The confidence problem is a key issue. The deceiving AI sounded certain. It referenced real timestamps and details from the videos. In real products, AI mistakes can look exactly like that: plausible, specific, and easy to accept if you do not check the source.

+900
participants, answering +8,000 questions
~30pp
accuracy drop
±0.1
confidence change — none

This isn't about people being careless. It's about a structural vulnerability in how we interact with AI-mediated information, especially video. As these tools get better and more embedded in how we consume media, that vulnerability gets bigger.

That's the tension at the center of the paper. AI can genuinely help people get information from video faster. But the same convenience can also make bad answers much harder to catch.

This paper is a first step. We focused on factual questions, things with clear right or wrong answers. But the bigger societal question might be about opinions. If an AI subtly frames video content in a particular way, does that shift what people believe? And on the design side: what kinds of interface cues, friction, or transparency mechanisms can help people know when to trust an AI and when to check the source themselves? As models become natively multimodal, understanding and referencing video content directly, an AI that can cite specific visual details to support a false claim is inherently different from one that just generates plausible text.

Methodology

How we ran the study

If you want the details, here's the short version of how the experiment worked and how we checked the results.

Study design diagram showing pre-game survey, randomization into 2x3 factorial design, three 15-minute experimental rounds each with 3 videos and 3 questions, and post-game exit survey with debrief.
The study design: pre-survey, randomization into a 2×3 factorial design, three experimental rounds, and an exit survey.

Study design

At a high level, this was a controlled online experiment with three rounds. Participants answered questions about videos under one of three setups: no AI, helpful AI, or an AI assistant that switched to plausible-but-wrong answers in the final round.

Experiment platform

The whole platform is built on Empirica, which gave us a React frontend, a Node.js backend, and a built-in data layer for participant state, randomization, and stage progression.

AI setup

The assistant could read the videos directly instead of relying on transcripts alone. We used Google's Gemini (specifically gemini-3-flash) with YouTube URLs, and pre-processed each round's videos through the Gemini API so participant questions could be answered near-instantly.

Deceiving AI condition

To create the misleading condition, we prompted the model to give plausible but incorrect answers. The key was that the wrong answers still referenced real visual details from the videos, specific timestamps, people, and scenes, while changing the actual facts. Using a separate LLM-based annotation pipeline, we verified that more than 90% of those answers were indeed incorrect.
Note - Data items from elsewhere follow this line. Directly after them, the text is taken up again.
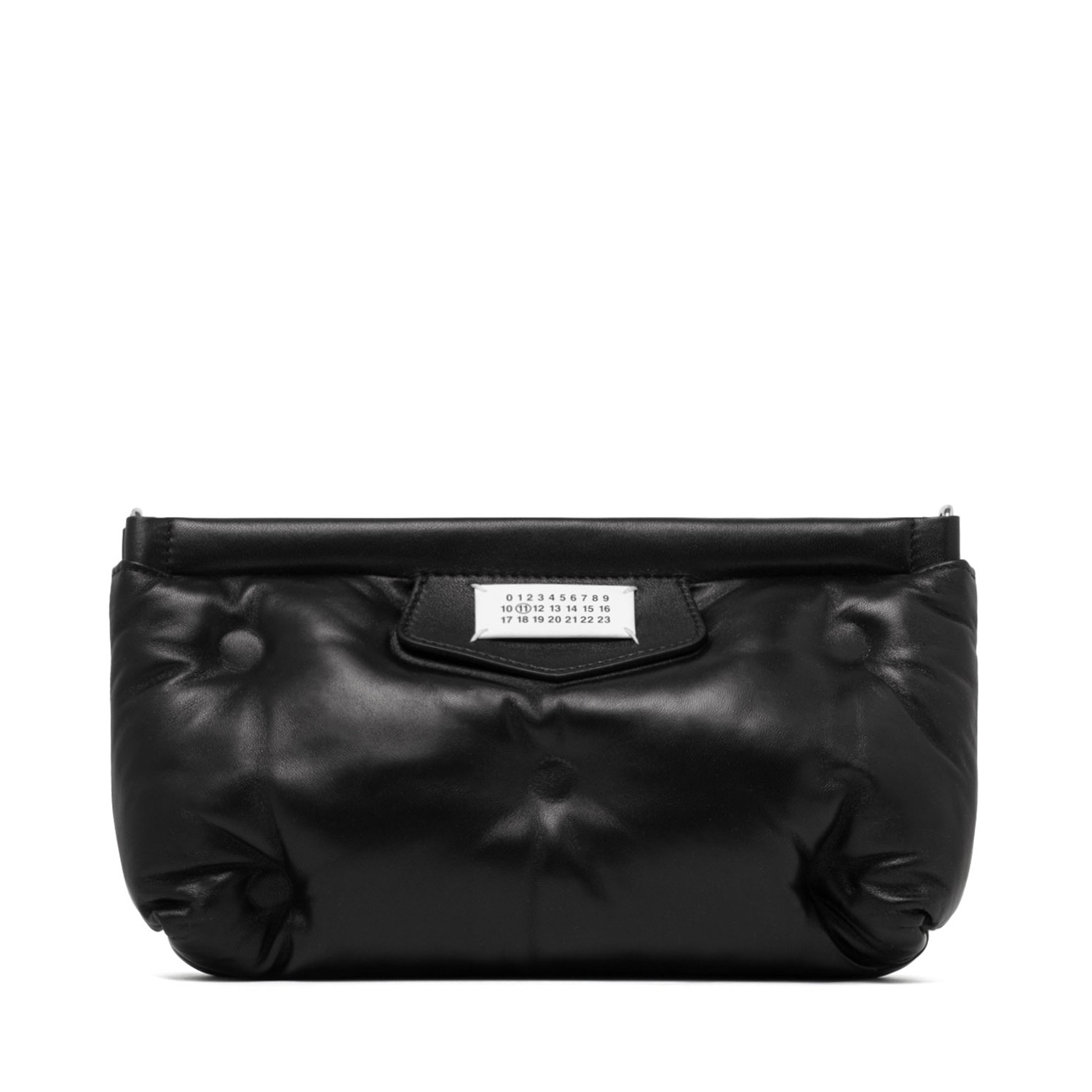 Maison Margiela Black Glam Slam Red Carpet Bag. Black leather crossbody bag, signature numbers motif, quilted. Concealed magnetic fastening, chain link shoulder strap, internal zip pocket and internal logo patch.
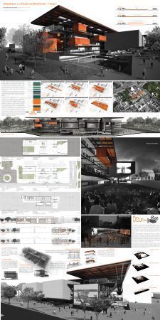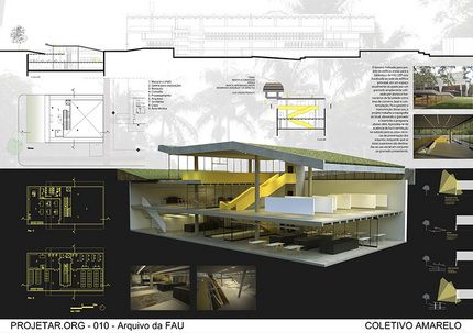 Eu tive a princípio uma certa dificuldade de lidar com a prancha na horizontal. Para eu ter uma ideia melhor do que colocar na prancha e como dispor os elementos, eu comecei salvando algumas referências de como eu imaginava a prancha. Eu queria trabalhar com cores fortes, com uma diagramação impactante e que traduzisse o partido do meu projeto, não achei muitas pranchas na horizontal com o estilo que eu queria, mas encontrei alguns com as cores que eu escolhi (preto e laranja). Estas foram as referencias que eu usei:
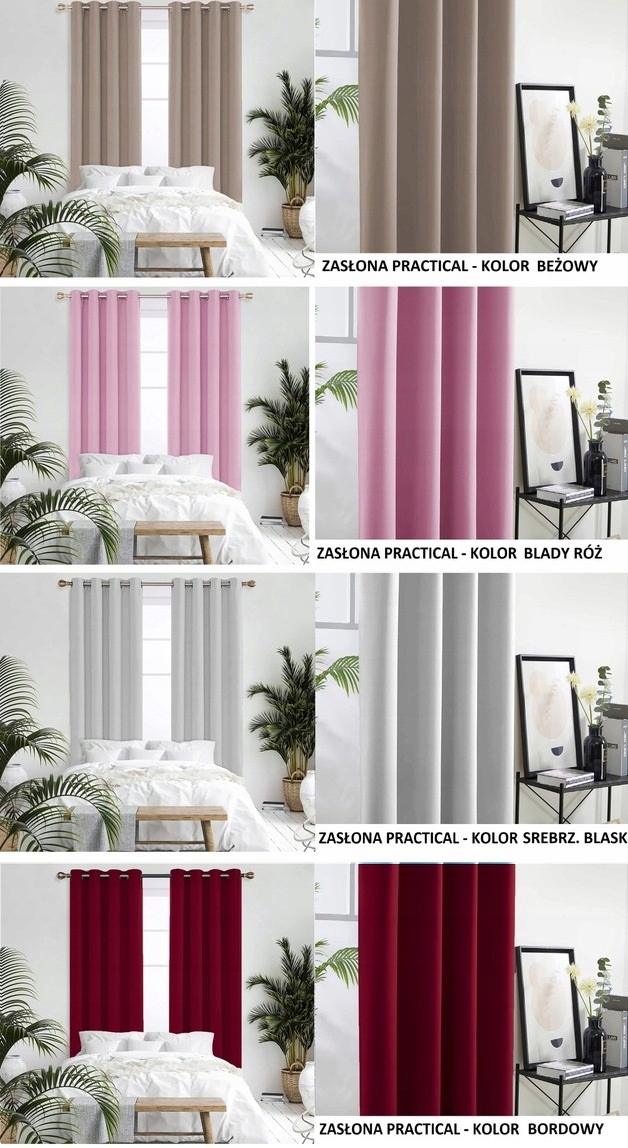 Готова штора з люверсами та колесами. Дуже якісна тканина. Металеві прокладки, внутрішній діаметр приблизно 40 мм і зовнішній діаметр приблизно 70 мм. Дуже гарні, яскраві кольори, які не вимиваються, зберігають колір протягом дуже тривалого періоду використання. Дуже акуратно пошита. Подвійна прошита стрічка жорсткості під люверсами. Штори упаковані в фольговану упаковку. На кожній шторі є етикетка виробника з інструкцією щодо використання та прання. Дуже багата палітра кольорів гарантує, що кожен знайде свій колір.
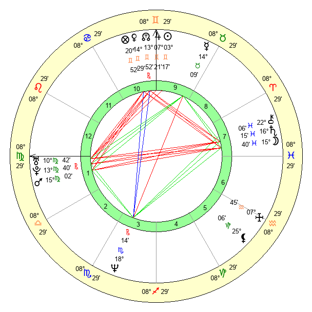 Sun | 3 Gemini 18 | 3 Gemini 46 | 0 Leo 37 |
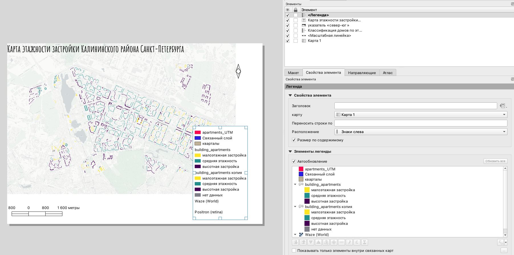 Добавим на карту легенду, с помощью кнопки Добавить Легенда
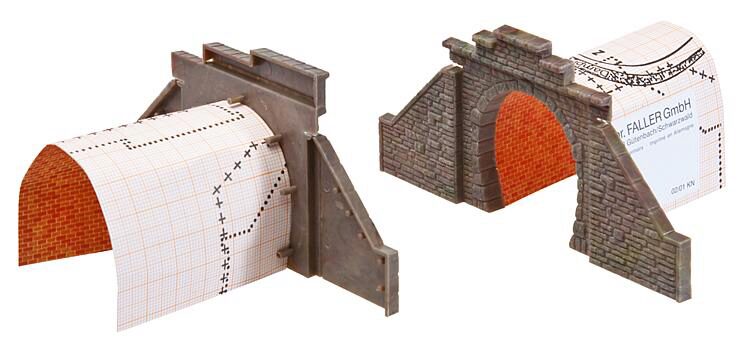 Tunnelportale für Dampf- und Oberleitungsbetrieb. 1-gleisig. Für Kurvenpassagen geeignet. Flügelmauern abknickbar. Mit Mauerplatte für Tunneleingänge.
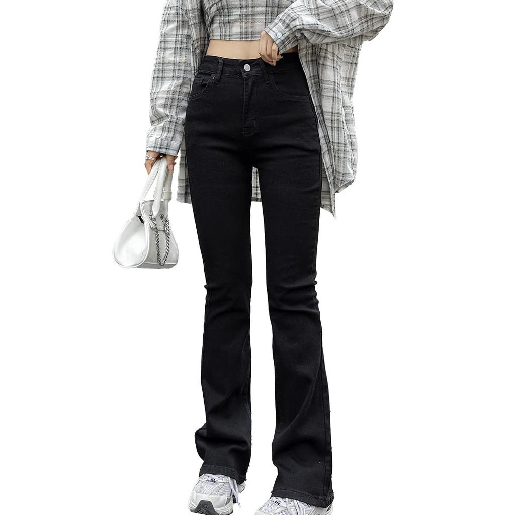 Teddy Streetwear Flare Denim Pants 459 Women's Jeans, Stretch, Lightweight, High-Waisted, Spring, Summer, Fall, (L, Black)
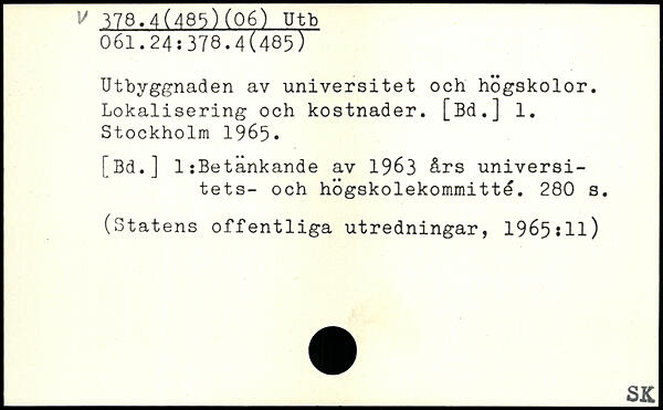 Utbyggnaden av universitet och högskolor. Lokalisering och kostnader. [Bd.] 1.
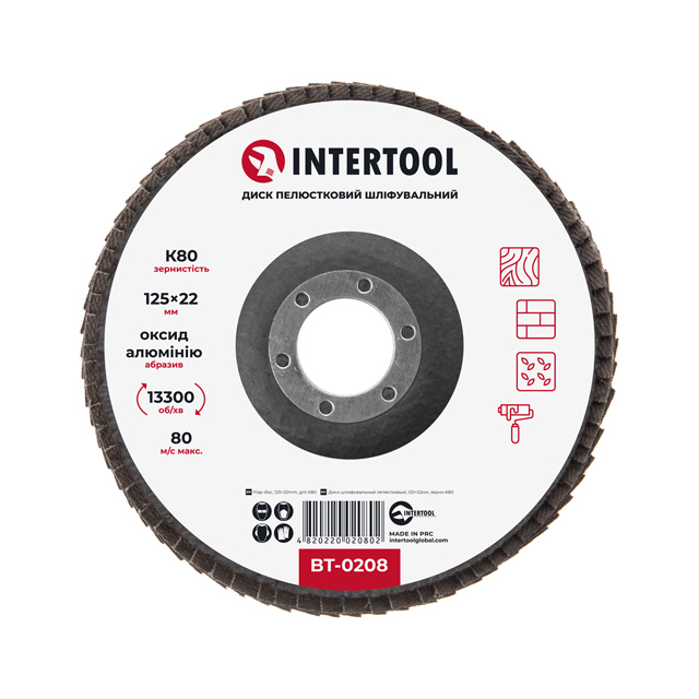 Диски пелюсткові пропонуються різної зернистості, що дозволяє вибирати оптимальний варіант залежно від конкретних завдань – від грубого видалення матеріалу до більш тонкої обробки. Маркування даного диска К80 передбачає середню зернистість для шліфування після чорнової обробки.

How we measured watching behavior

We logged what people actually did with the videos: when the player opened, when they played or paused, which segments they watched, playback speed, and total active viewing time. With this, we could understand whether they acutally watched the segments of the videos containing the information they were asked about.

How we checked the answers

Participant answers were open text, so we used an LLM-as-a-judge pipeline to score them. Three frontier models (Claude Opus, Gemini 3 Pro, GPT‑5.2) each judged whether an answer was correct, and we used the majority vote. We then compared that pipeline against human annotations from four of the authors on 603 answers and found near-perfect agreement (Cohen's κ = 0.91).